▶ **ASSIGNED TASK**:
Would you please return the data below verbatim, without its pictures?

▶ **DATASET CONTENT**:
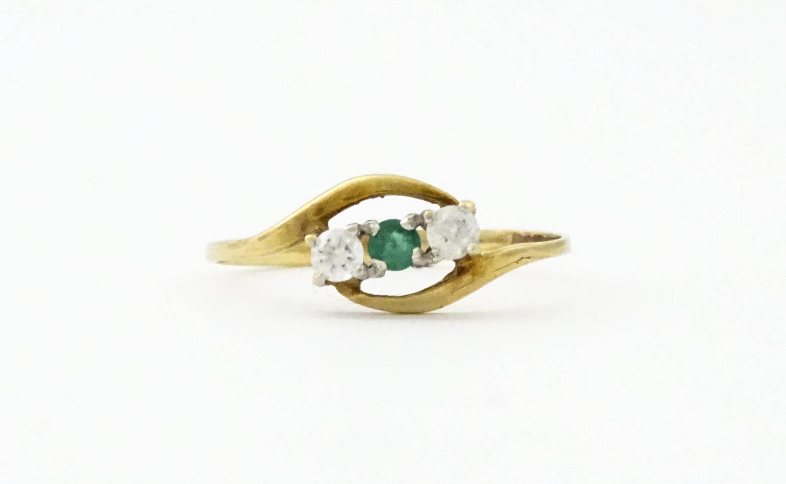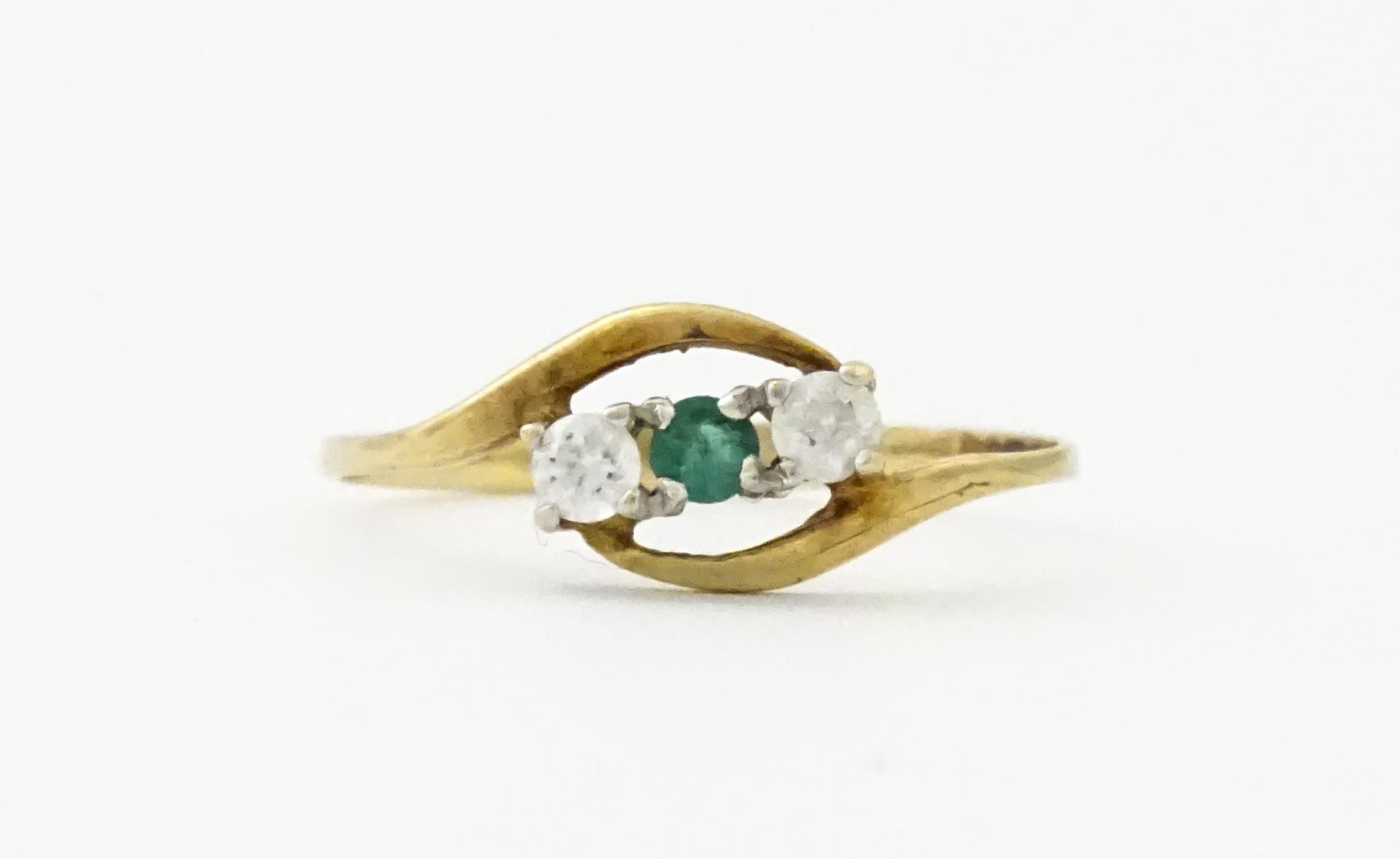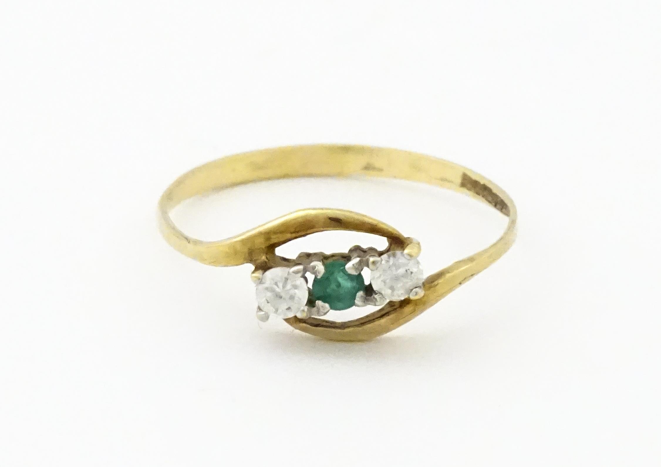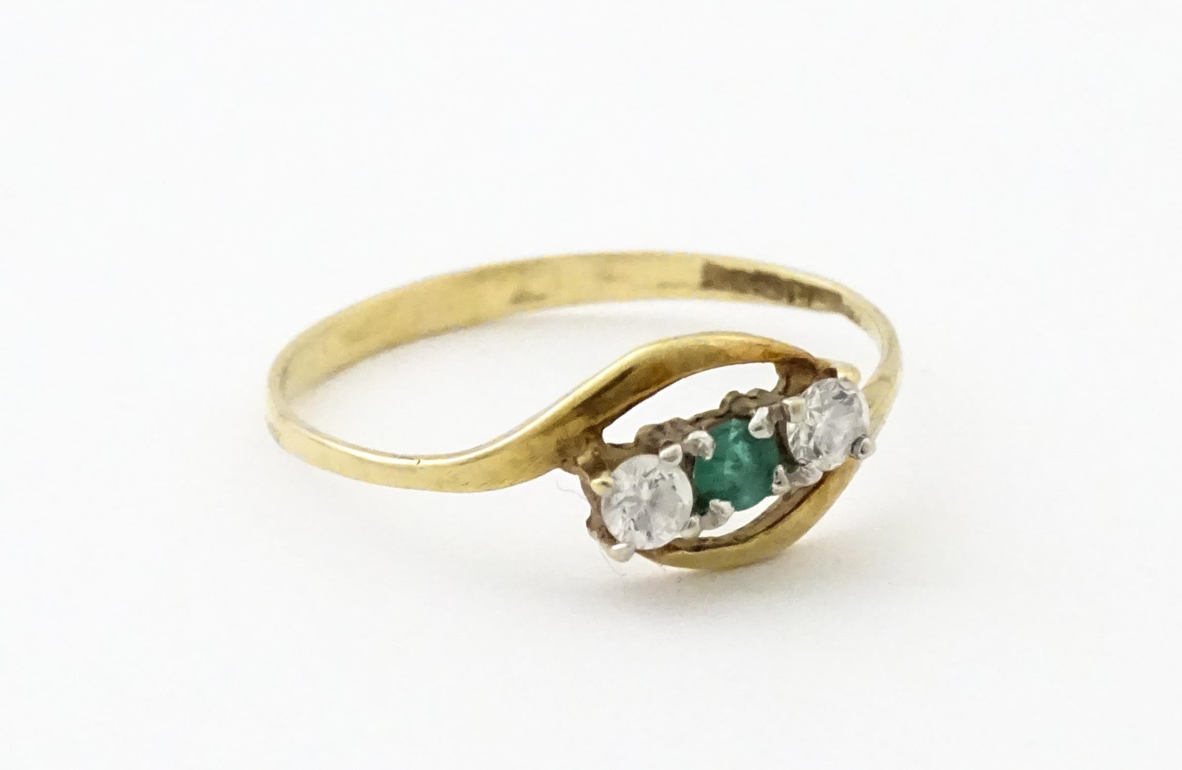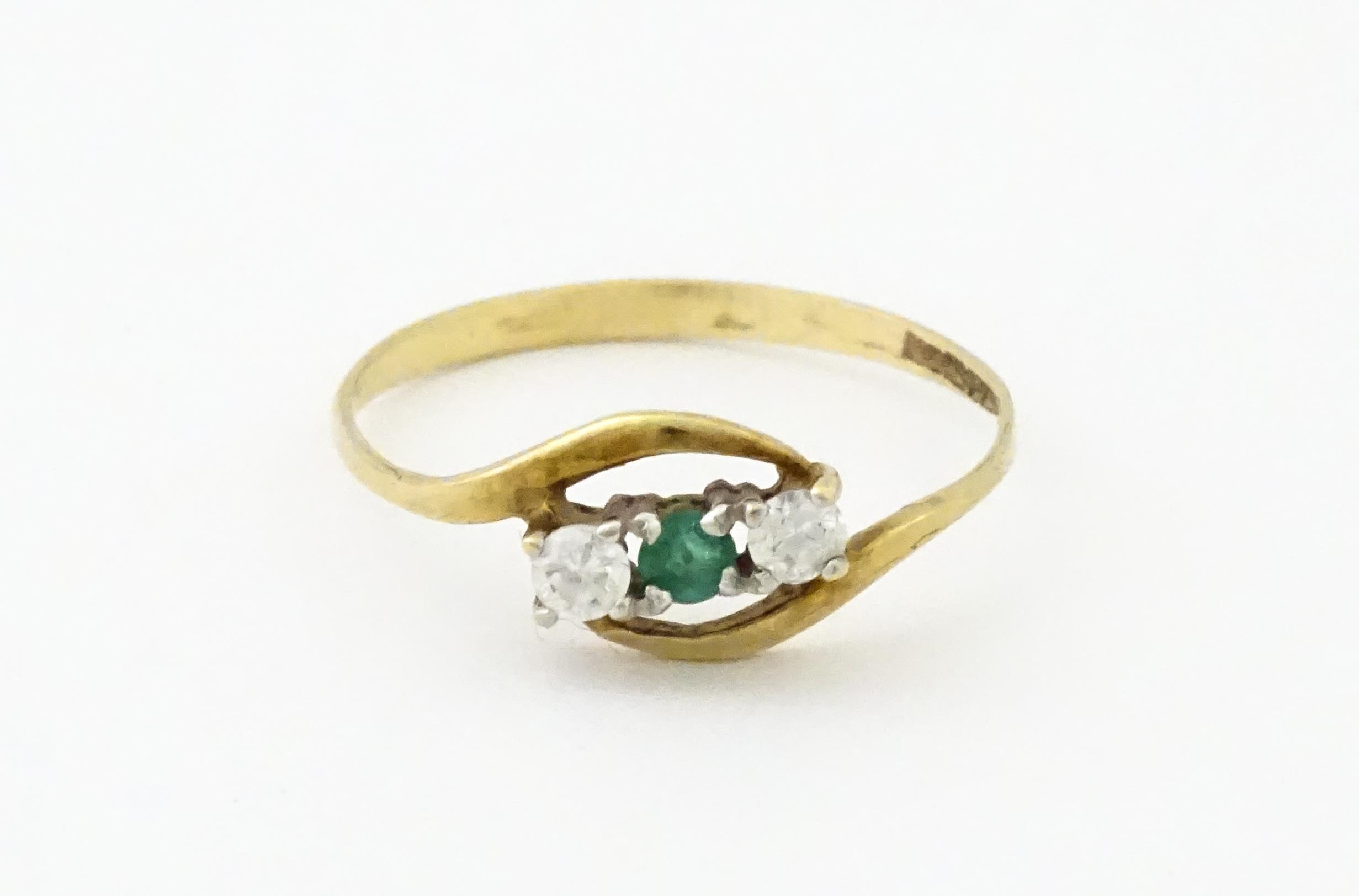 A 9ct gold ring set with central green stone flanked by white stones. Ring size approx. O 1/2
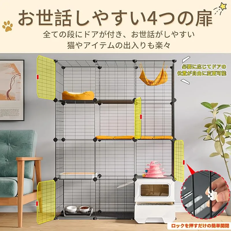 【自由に組替え】組み立て式のキャットケージですので、ケージの形や大きさが必要に応じて組替えが行われます。トイレの位置や扉の開く向きも変更することもできます。
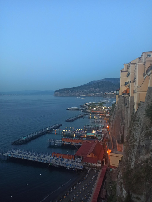 We had almost four hours time to spend, so we walked through the centre and narrow streets in the hills, and ended up at the beach for the rest of the afternoon. On our way back, the sun was setting down and we had amazing views of the lit up coastal towns, such as Sorrento!
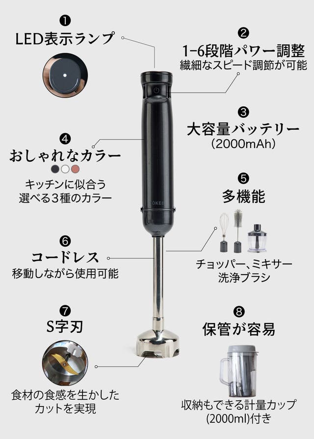 - 超パワフル!最大毎分約15,000回の回転で、食材を素早く撹拌する!

▶ **ANSWER TO THIS TASK**:
 A 9ct gold ring set with central green stone flanked by white stones. Ring size approx. O 1/2
 【自由に組替え】組み立て式のキャットケージですので、ケージの形や大きさが必要に応じて組替えが行われます。トイレの位置や扉の開く向きも変更することもできます。
 We had almost four hours time to spend, so we walked through the centre and narrow streets in the hills, and ended up at the beach for the rest of the afternoon. On our way back, the sun was setting down and we had amazing views of the lit up coastal towns, such as Sorrento!
 - 超パワフル!最大毎分約15,000回の回転で、食材を素早く撹拌する!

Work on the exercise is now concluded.